▸ EXERCISE
Without any of its pictures, the listing below should be output exactly.

◇ ◇ ◇ ◇ ◇

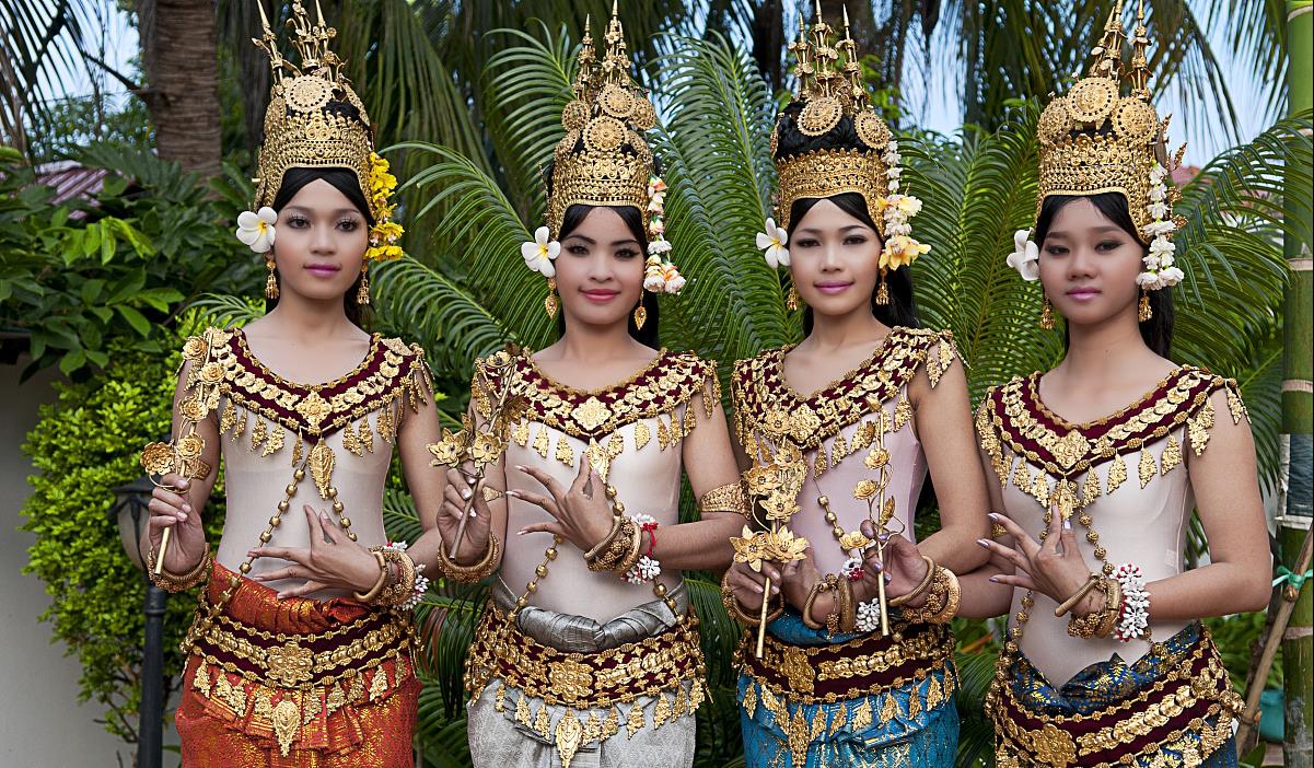 在这个场景中,国王(当时是Srindravarman)穿着装饰着珍珠和宝石的奢华服装四处走动。
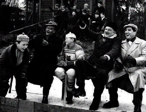 Jaroslav Marvan se učí ovládat svůj monstrósní susafón, J. Kemr své činely, Dědek se stal výborným bubeníkem, Em. Fiala hraje na pikolu, K. Effa na violoncello, J. Hlinomaz na pozoun, Ant. Jedlička na klarinet atd. (Kino, č. 26, 18. 12. 1952, s. 494.)
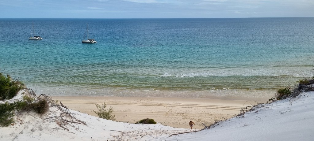Is the largest sand island in the world. It is about 120 km (75 miles) long and 25 km (15 miles) at its widest point. We got picked up from our caravan park at 7.15 am and taken to the catamaran we were doing the crossing in. It took about 30 minutes and the water was pretty flat.
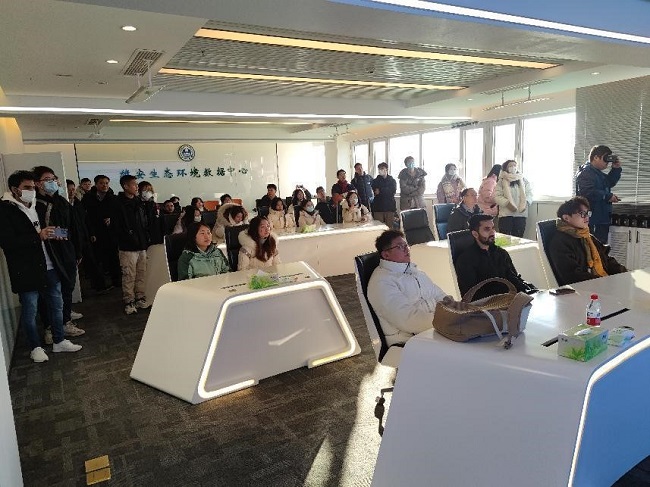 师生一行首先前往雄安新区生态环境监控中心,参观学习了雄安利用5G、物联网、大数据等新一代信息技术采取“无人机+无人船+水质监测车+水质监测船+大气走航车+遥感+VR”等多种手段搭建生态环境智慧监测体系为雄安新区特别是白洋淀水域的环境质量保驾护航。
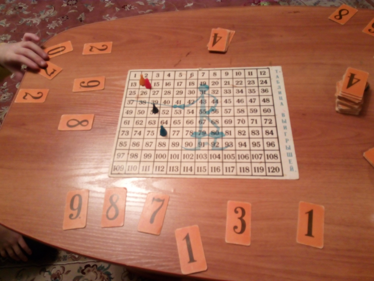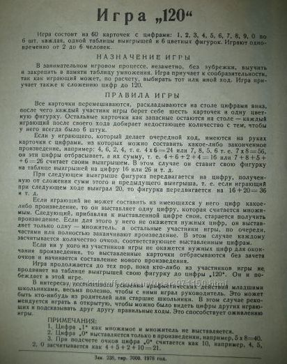 Каждый игрок получает по шесть цифр и на своем ходу должен составить из них (необязательно из всех) пример на умножение. Сумма использованных цифр составляет расстояние, на которое игрок перемещает свою фишку по полю. Побеждает тот, что быстрее остальных доберется 120.
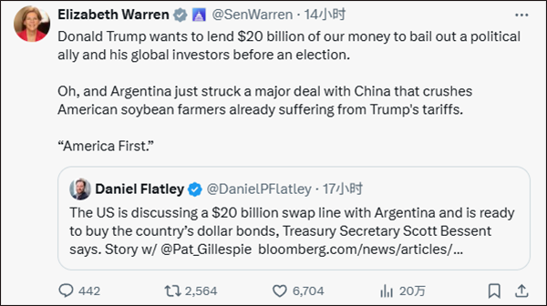 當地時間9月24日,沃倫在X平台發文稱:“特朗普想在(阿根廷)選舉前出借資金救助政治盟友及其全球投資者,那邊阿根廷反手就和中國簽了個超級大單,只剩咱們美國農民在關税戰裏有苦難言。是啊,美國優先。”
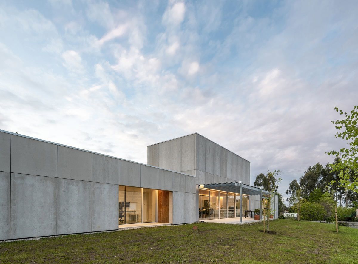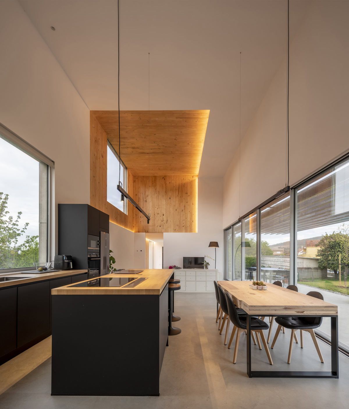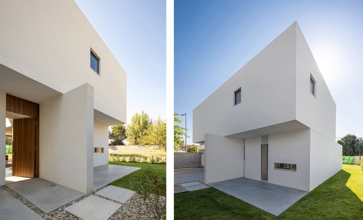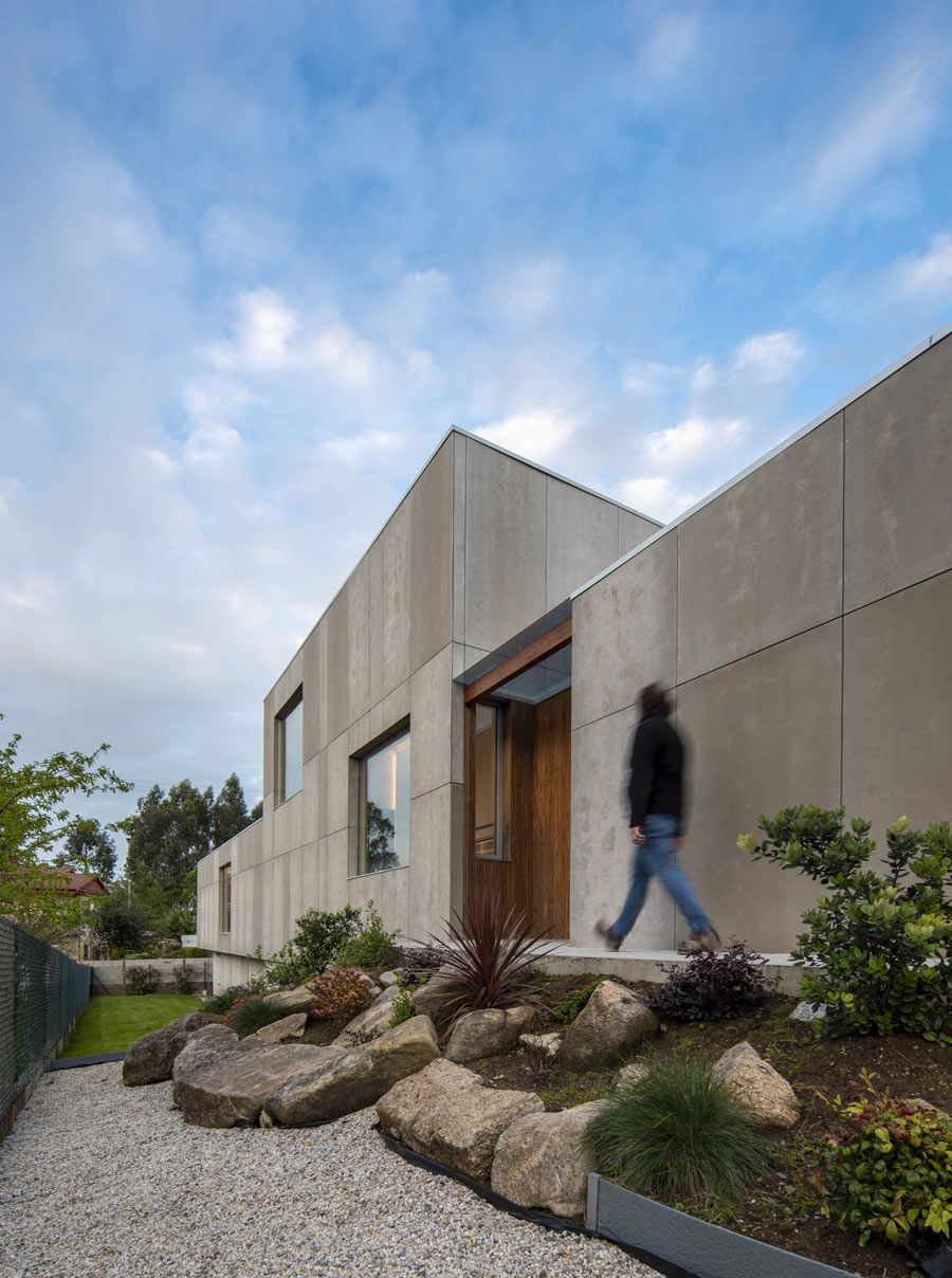 Vivienda de diseño sobrio, construida con paneles prefabricados de madera y cemento buscando la integración estructural y espacial. La edificación se plantea como una banda lineal al linde norte de la parcela de 5 metros de ancho y 36 metros de largo y en cuyos alzados longitudinales podrían resolverse con 7 paneles estructurales de madera contralaminada, actuando uno de ellos como una gran viga de 12 metros de largo y 14 centímetros de ancho, que permitiría la apertura total del espacio a doble altura de salón y cocina hacia el sur.
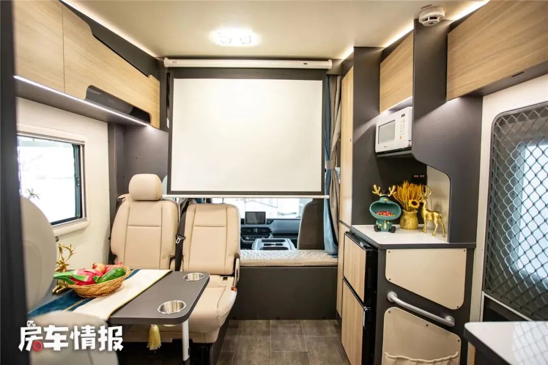 和上一款车型一样的是,这款新车也是提供了一前一后两个休息区,前方额头床的尺寸为2200*1400mm,采用抽拉式的设计,对于下方驾驶室可以提供更宽裕的头部空间,这样的设计取消了常见的位于床板下方的液晶电视,取而代之的是60寸的投影幕布,也可以打造一个小型的私人影院。
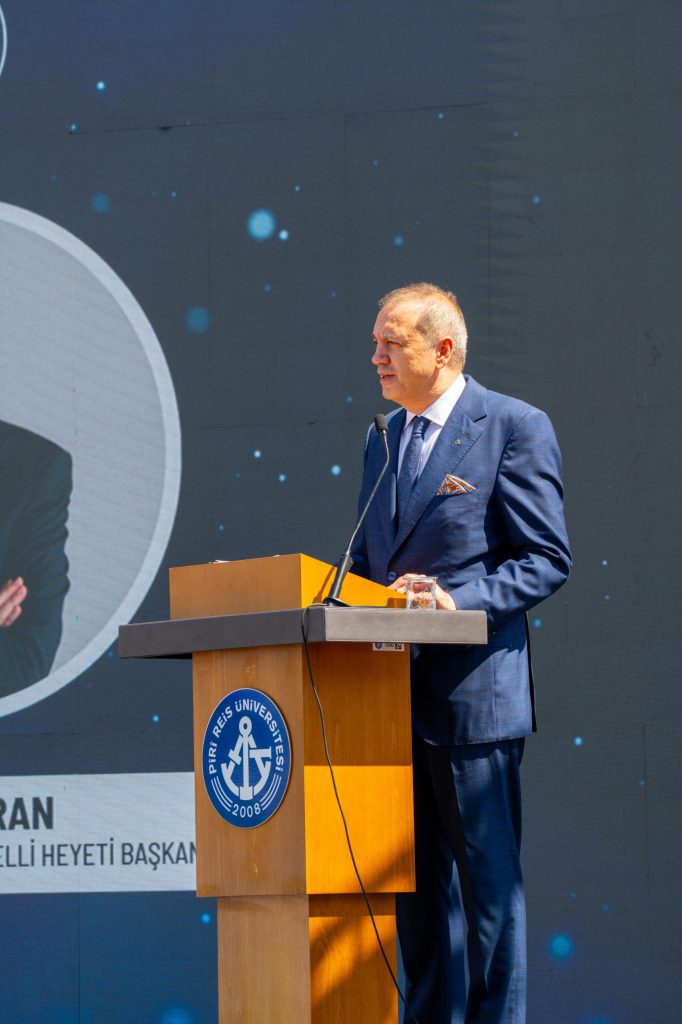 Törenin en dikkat çekici konuşmalarından biri, İMEAK Deniz Ticaret Odası Yönetim Kurulu Başkanı ve Piri Reis Üniversitesi Mütevelli Heyeti Başkanı Tamer Kıran’a aitti. Kıran, mezunların Türk denizcilik sektörüne yön verecek nitelikte donanımlı bireyler olduğunu ifade ederek, “Bu ülke denizcilikle büyüyor ve sizin gibi nitelikli gemi insanlarına ihtiyacı var. Diplomanızı alıyorsunuz ama asıl mücadele şimdi başlıyor” şeklinde konuştu. Atatürk’ün “Tek bir şeye ihtiyacımız vardır: Çalışkan olmak” sözüyle gençlere seslenen Kıran, mezunlara daima üretken, ilkeli ve azimli bireyler olmaları yönünde tavsiyelerde bulundu.

◇ ◇ ◇ ◇ ◇

▸ OUTPUT BELOW
 在这个场景中,国王(当时是Srindravarman)穿着装饰着珍珠和宝石的奢华服装四处走动。
 Jaroslav Marvan se učí ovládat svůj monstrósní susafón, J. Kemr své činely, Dědek se stal výborným bubeníkem, Em. Fiala hraje na pikolu, K. Effa na violoncello, J. Hlinomaz na pozoun, Ant. Jedlička na klarinet atd. (Kino, č. 26, 18. 12. 1952, s. 494.)
Is the largest sand island in the world. It is about 120 km (75 miles) long and 25 km (15 miles) at its widest point. We got picked up from our caravan park at 7.15 am and taken to the catamaran we were doing the crossing in. It took about 30 minutes and the water was pretty flat.
 师生一行首先前往雄安新区生态环境监控中心,参观学习了雄安利用5G、物联网、大数据等新一代信息技术采取“无人机+无人船+水质监测车+水质监测船+大气走航车+遥感+VR”等多种手段搭建生态环境智慧监测体系为雄安新区特别是白洋淀水域的环境质量保驾护航。
 Каждый игрок получает по шесть цифр и на своем ходу должен составить из них (необязательно из всех) пример на умножение. Сумма использованных цифр составляет расстояние, на которое игрок перемещает свою фишку по полю. Побеждает тот, что быстрее остальных доберется 120.
 當地時間9月24日,沃倫在X平台發文稱:“特朗普想在(阿根廷)選舉前出借資金救助政治盟友及其全球投資者,那邊阿根廷反手就和中國簽了個超級大單,只剩咱們美國農民在關税戰裏有苦難言。是啊,美國優先。”
 Vivienda de diseño sobrio, construida con paneles prefabricados de madera y cemento buscando la integración estructural y espacial. La edificación se plantea como una banda lineal al linde norte de la parcela de 5 metros de ancho y 36 metros de largo y en cuyos alzados longitudinales podrían resolverse con 7 paneles estructurales de madera contralaminada, actuando uno de ellos como una gran viga de 12 metros de largo y 14 centímetros de ancho, que permitiría la apertura total del espacio a doble altura de salón y cocina hacia el sur.
 和上一款车型一样的是,这款新车也是提供了一前一后两个休息区,前方额头床的尺寸为2200*1400mm,采用抽拉式的设计,对于下方驾驶室可以提供更宽裕的头部空间,这样的设计取消了常见的位于床板下方的液晶电视,取而代之的是60寸的投影幕布,也可以打造一个小型的私人影院。
 Törenin en dikkat çekici konuşmalarından biri, İMEAK Deniz Ticaret Odası Yönetim Kurulu Başkanı ve Piri Reis Üniversitesi Mütevelli Heyeti Başkanı Tamer Kıran’a aitti. Kıran, mezunların Türk denizcilik sektörüne yön verecek nitelikte donanımlı bireyler olduğunu ifade ederek, “Bu ülke denizcilikle büyüyor ve sizin gibi nitelikli gemi insanlarına ihtiyacı var. Diplomanızı alıyorsunuz ama asıl mücadele şimdi başlıyor” şeklinde konuştu. Atatürk’ün “Tek bir şeye ihtiyacımız vardır: Çalışkan olmak” sözüyle gençlere seslenen Kıran, mezunlara daima üretken, ilkeli ve azimli bireyler olmaları yönünde tavsiyelerde bulundu.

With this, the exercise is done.